EVE DÖNÜŞ
Uzun ve yorucu bir yolculuk sonrası evimize gelmenin mutlulugunu yaşıyorum. Insanin mutlu oldugu , huzur buldugu yerdir kendi evi.
Dünyanın en güzel yerlerini gezip görsek de, denizlerin en mavisine dalıp, dağların doruğuna çıksak da… Bir an gelir, insanın kalbi evinin kapısını aralamak ister. Ne kadar uzaklaşırsak uzaklaşalım, içimizde hep o tanıdık kokunun, o alışılmış seslerin, o güvenli sessizliğin özlemi birikir.
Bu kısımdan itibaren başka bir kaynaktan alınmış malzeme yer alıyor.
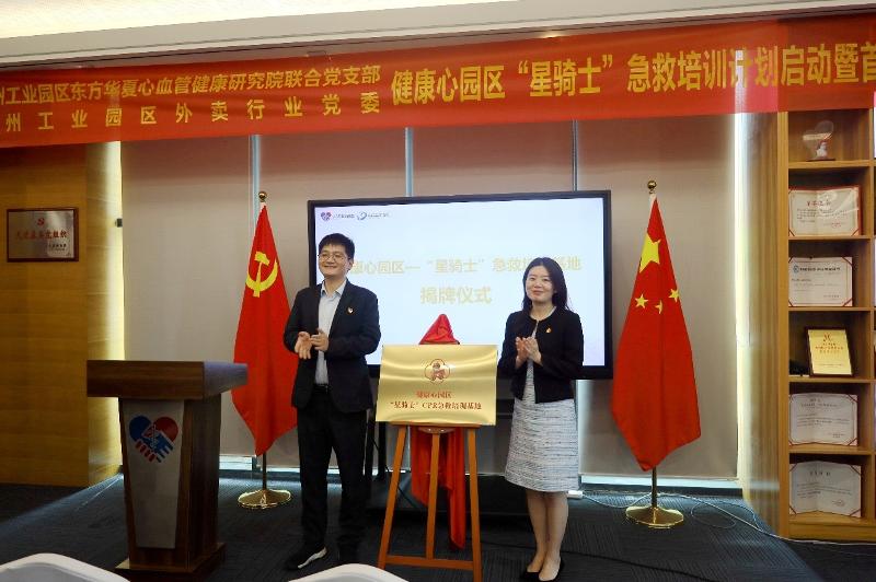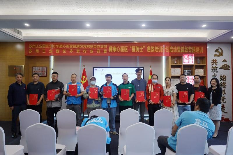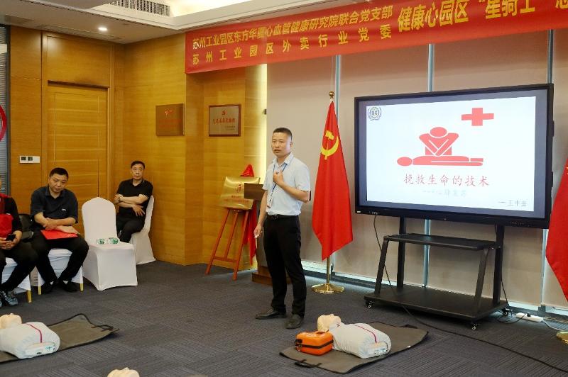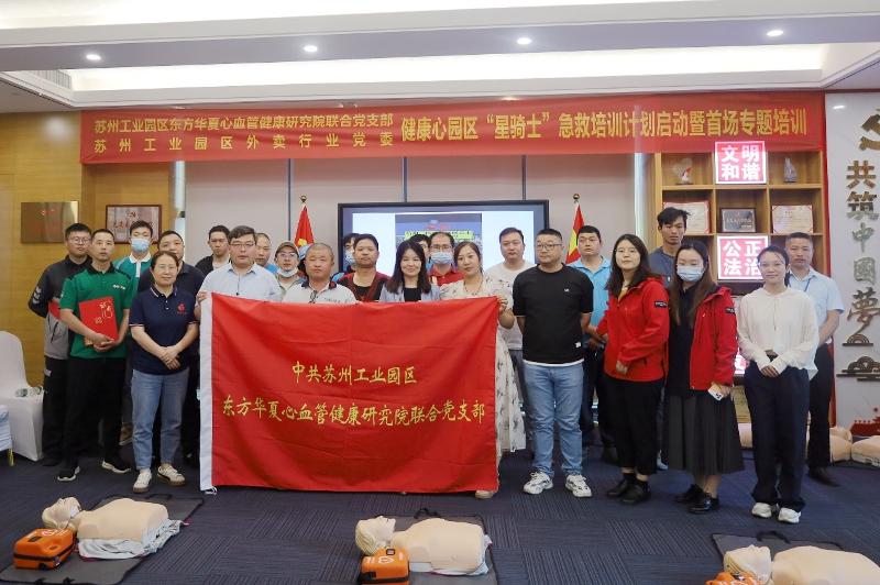 5月30日-5月31日下午,“星騎士”急救培訓計劃啟動暨首場專題培訓會正式啟動,蘇州工業園區組織部組織處處長、蘇州工業園區東方華夏心血管健康研究院聯合黨支部書記、蘇州工業園區民企黨委委員、蘇州工業園區外賣配送行業黨委書記等出席活動,20名美團、餓了么、盒馬鮮生等“星騎士”學員學習CPR急救技能等相關知識。

Eve dönüş, sadece bir yolculuğun bitişi değildir. Aynı zamanda bir içsel toparlanmadır. Başka coğrafyaların güzelliği, başka insanların gülüşü bize yeni pencereler açsa da, ruhun asıl sığınağı evin duvarları arasındadır. Orada çocukluk yankıları, sevdiklerimizin izleri, yaşanmışlıkların sıcaklığı vardır.
Evin kapısından içeri girince, valizleri yere bırakmadan önce bir huzur dolusu soluk alırız. Koltuğun köşesi, mutfağın kokusu, pencerenin ardındaki manzara... Hepsi "ben buradayım" der. Dünyanın hiçbir oteli, hiçbir yazlık evi bu duyguyu veremez. Çünkü ev, sadece taş ve duvardan ibaret değildir; anıların, sevgilerin ve sessiz mutlulukların harmanıdır.
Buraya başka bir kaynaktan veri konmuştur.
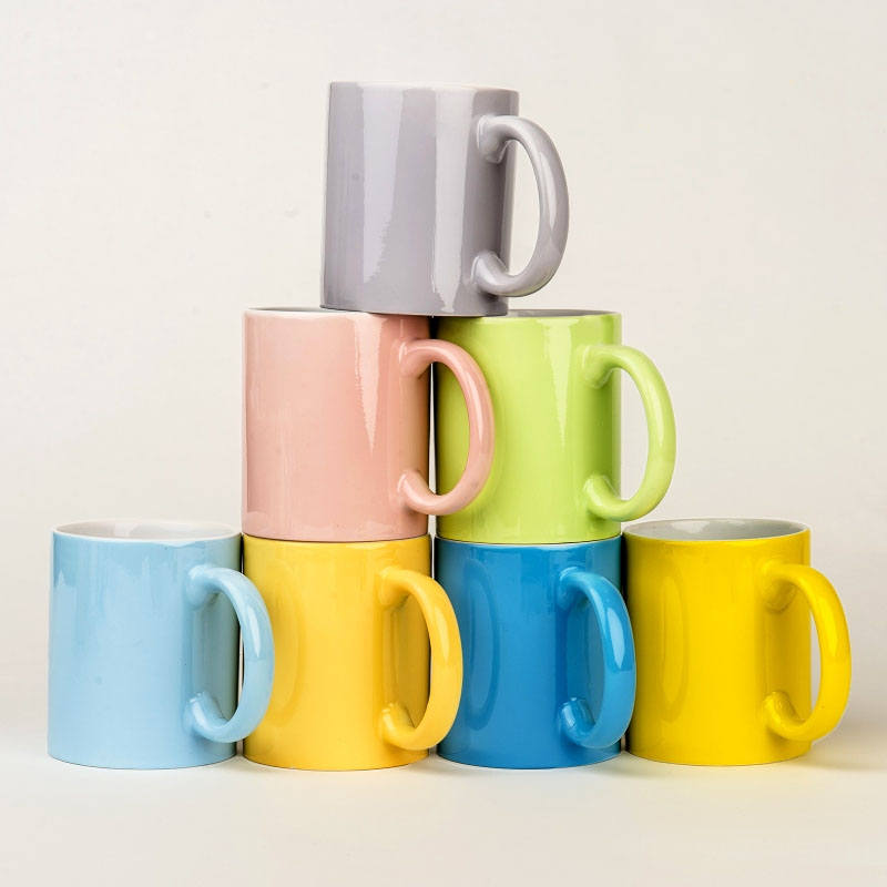 • Błyszczący kolorowy kubek do sublimacji z dużym, wygodnym uchem oraz białym środkiem

Eve dönüş, aslında kendine dönüş demektir. Koşuşturmanın, yabancı yüzlerin, gürültülü sokakların ardından, insan en çok kendi sesini duymayı özler. Evin içinde yankılanan o sessizlik bile, dışarının kalabalığından daha anlamlıdır.
Belki de bu yüzden, yolculuklar ne kadar uzun olursa olsun, her seferinde eve dönerken içimizde aynı çocukça sevinç uyanır. Çünkü ev, bizi hep bekleyen tek yerdir.